====== THE DATA ======

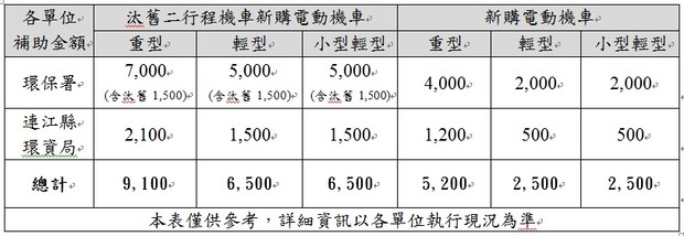 以往舊型電動機車因性能不佳不適合本縣地勢起伏地形而被鄉親詬病,但近兩年電動機車技術已逐漸成熟且性能亦提昇許多,市場上各家廠商也推出多種款式迎合消費者需求。106年12月31日前汰舊二行程機車並新購通過認證電動機車,最多將可獲得環保署7,000元補助,加上本局再加碼2,100元補助,總計補助金額高達9,100元,若單純新購電動機車仍可獲得5,200元,詳細資訊請參考表一,也歡迎鄉親洽詢本局污染防治科0836-26517轉270劉先生或長慧環境科技有限公司0912-278814林先生。
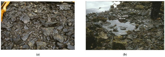 All beaches in this region are geologically “young”: most of the modern intertidal zone was shifted into its current vertical position through uplift of up to 11 m or several meters of downthrust associated with the 1964 Great Alaska Earthquake; many others were heavily disturbed by the ensuing tsunami [25]. Many of the gravel beaches of PWS were further artificially disarranged following the March 1989 EVOS. The discharge of 41 million liters of crude oil near the entrance to the Valdez Arm of PWS resulted in oiling of more than 780 km (~16%) of the intertidal zone in central and western PWS [26], an estimated 24% of which was characterized by heterogeneous gravel beaches [27]. A common post-spill cleaning method employed was high-pressure/hot-water (HP/HW) washing, during which sediments were flushed with ~60 °C water applied at 50–120 psi and 950–1900 liters per minute. This often extended into the biologically productive lower intertidal zones, and commonly resulted in the removal of fine sediments (sand, silt, and clay) from shallow beach sediments and disrupted the orientation of large clasts on these beaches (DCL, pers. obs.; Figure 3).
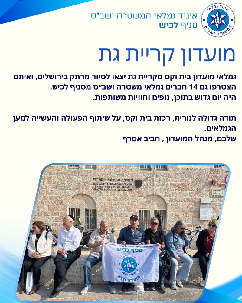 מועדון הגמלאים בקריית גת מהווה מרכז קהילתי לפנסיונרים של המשטרה ושירות בתי הסוהר בעיר. המועדון מציע מגוון פעילויות, כולל: מפגשים חברתיים: אירועים קבועים למפגש עם חברים מהאזור. חוגים וסדנאות: חוגים יצירתיים וחוגי ספורט המיועדים לצרכים ולתחומי העניין של חברי המועדון. הרצאות: הרצאות בנושאים מגוונים כגון תרבות ובריאות. טיולים וסיורים: טיולים מאורגנים וסיורים באתרים שונים. אירועים תרבותיים: מופעים ופעילויות תרבותיות להנאה ולהעשרה. המועדון שואף לספק סביבה תומכת ונעימה, בה החברים יכולים ליהנות, להרגיש שייכים, ולתחזק קשרים חברתיים משמעותיים.
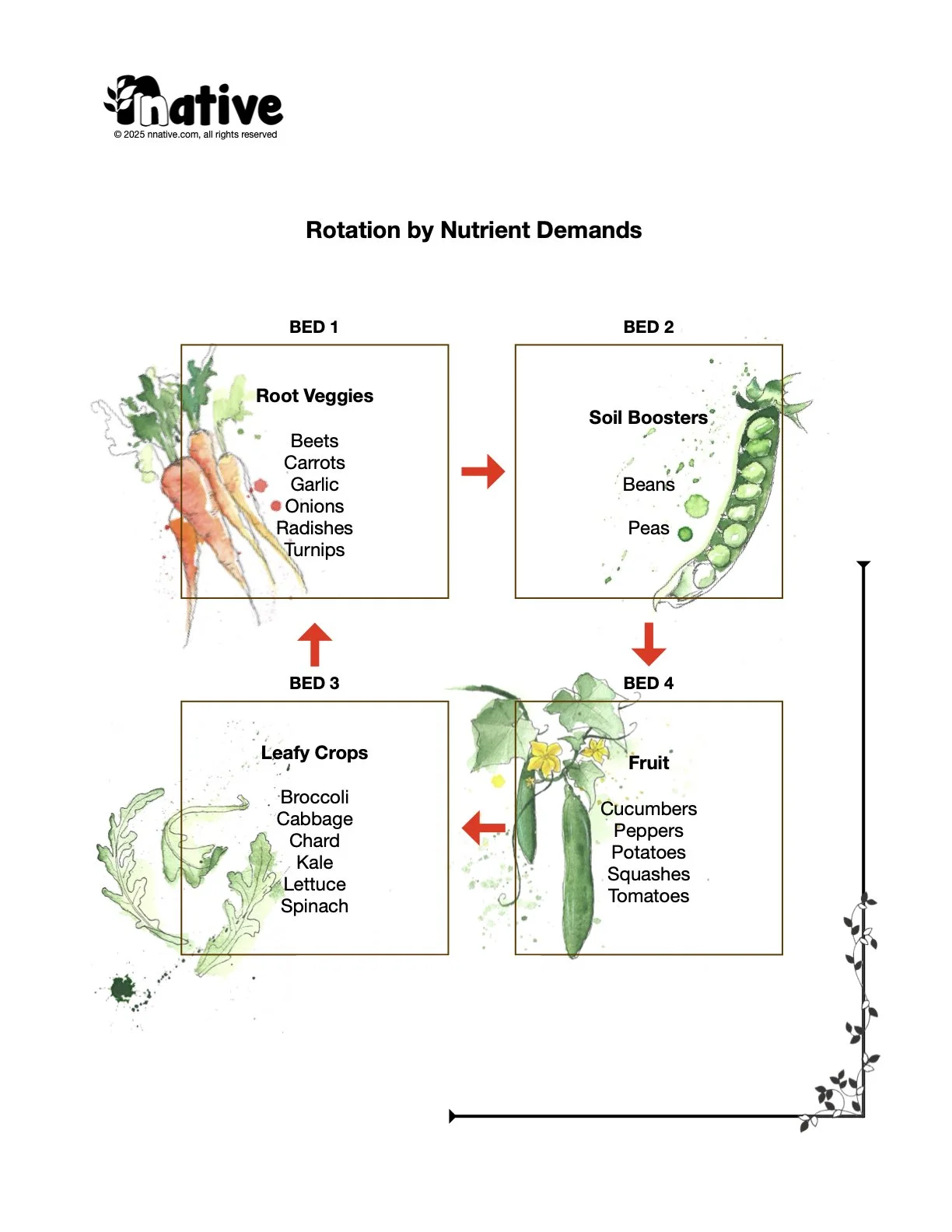 This gardening system is both user-friendly for beginners and highly effective for small to medium-sized gardens. It is based on the principle that different crops have unique nutrient needs, and these needs can be strategically managed through thoughtful crop rotation. By aligning crop placement with the natural cycles of nutrient uptake and replenishment, this system ensures optimal soil health and higher yields over time.
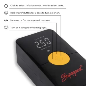 Kompaktan i praktičan prijenosni kompresor s dvostrukim napajanjem (baterija i priključak), 5 nastavaka, LED svjetlom i automatskim gašenjem. Idealno za gume, lopte, kajake i još mnogo toga!
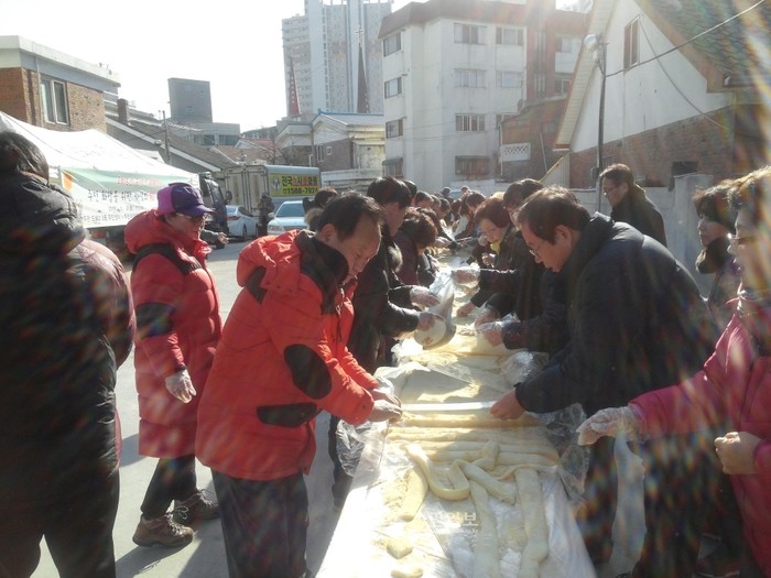 최근 인천 남구 도화2·3동 주민센터는 새해를 맞아 (주)전국24시콜화물의 후원으로 주민간 화합을 다짐하는 ‘사랑의 복(福), 인절미 나눔 행사’를 열어 인절미와 차를 먹으며 덕담을 나눴다. 사진은 인절미를 나누는 주민들의 모습. (사진제공=남구청)

======

> EXERCISE BRIEF
Retype all entries exactly as they appear, dropping the images.

> TASK SOLUTION
 以往舊型電動機車因性能不佳不適合本縣地勢起伏地形而被鄉親詬病,但近兩年電動機車技術已逐漸成熟且性能亦提昇許多,市場上各家廠商也推出多種款式迎合消費者需求。106年12月31日前汰舊二行程機車並新購通過認證電動機車,最多將可獲得環保署7,000元補助,加上本局再加碼2,100元補助,總計補助金額高達9,100元,若單純新購電動機車仍可獲得5,200元,詳細資訊請參考表一,也歡迎鄉親洽詢本局污染防治科0836-26517轉270劉先生或長慧環境科技有限公司0912-278814林先生。
 All beaches in this region are geologically “young”: most of the modern intertidal zone was shifted into its current vertical position through uplift of up to 11 m or several meters of downthrust associated with the 1964 Great Alaska Earthquake; many others were heavily disturbed by the ensuing tsunami [25]. Many of the gravel beaches of PWS were further artificially disarranged following the March 1989 EVOS. The discharge of 41 million liters of crude oil near the entrance to the Valdez Arm of PWS resulted in oiling of more than 780 km (~16%) of the intertidal zone in central and western PWS [26], an estimated 24% of which was characterized by heterogeneous gravel beaches [27]. A common post-spill cleaning method employed was high-pressure/hot-water (HP/HW) washing, during which sediments were flushed with ~60 °C water applied at 50–120 psi and 950–1900 liters per minute. This often extended into the biologically productive lower intertidal zones, and commonly resulted in the removal of fine sediments (sand, silt, and clay) from shallow beach sediments and disrupted the orientation of large clasts on these beaches (DCL, pers. obs.; Figure 3).
 מועדון הגמלאים בקריית גת מהווה מרכז קהילתי לפנסיונרים של המשטרה ושירות בתי הסוהר בעיר. המועדון מציע מגוון פעילויות, כולל: מפגשים חברתיים: אירועים קבועים למפגש עם חברים מהאזור. חוגים וסדנאות: חוגים יצירתיים וחוגי ספורט המיועדים לצרכים ולתחומי העניין של חברי המועדון. הרצאות: הרצאות בנושאים מגוונים כגון תרבות ובריאות. טיולים וסיורים: טיולים מאורגנים וסיורים באתרים שונים. אירועים תרבותיים: מופעים ופעילויות תרבותיות להנאה ולהעשרה. המועדון שואף לספק סביבה תומכת ונעימה, בה החברים יכולים ליהנות, להרגיש שייכים, ולתחזק קשרים חברתיים משמעותיים.
 This gardening system is both user-friendly for beginners and highly effective for small to medium-sized gardens. It is based on the principle that different crops have unique nutrient needs, and these needs can be strategically managed through thoughtful crop rotation. By aligning crop placement with the natural cycles of nutrient uptake and replenishment, this system ensures optimal soil health and higher yields over time.
 Kompaktan i praktičan prijenosni kompresor s dvostrukim napajanjem (baterija i priključak), 5 nastavaka, LED svjetlom i automatskim gašenjem. Idealno za gume, lopte, kajake i još mnogo toga!
 최근 인천 남구 도화2·3동 주민센터는 새해를 맞아 (주)전국24시콜화물의 후원으로 주민간 화합을 다짐하는 ‘사랑의 복(福), 인절미 나눔 행사’를 열어 인절미와 차를 먹으며 덕담을 나눴다. 사진은 인절미를 나누는 주민들의 모습. (사진제공=남구청)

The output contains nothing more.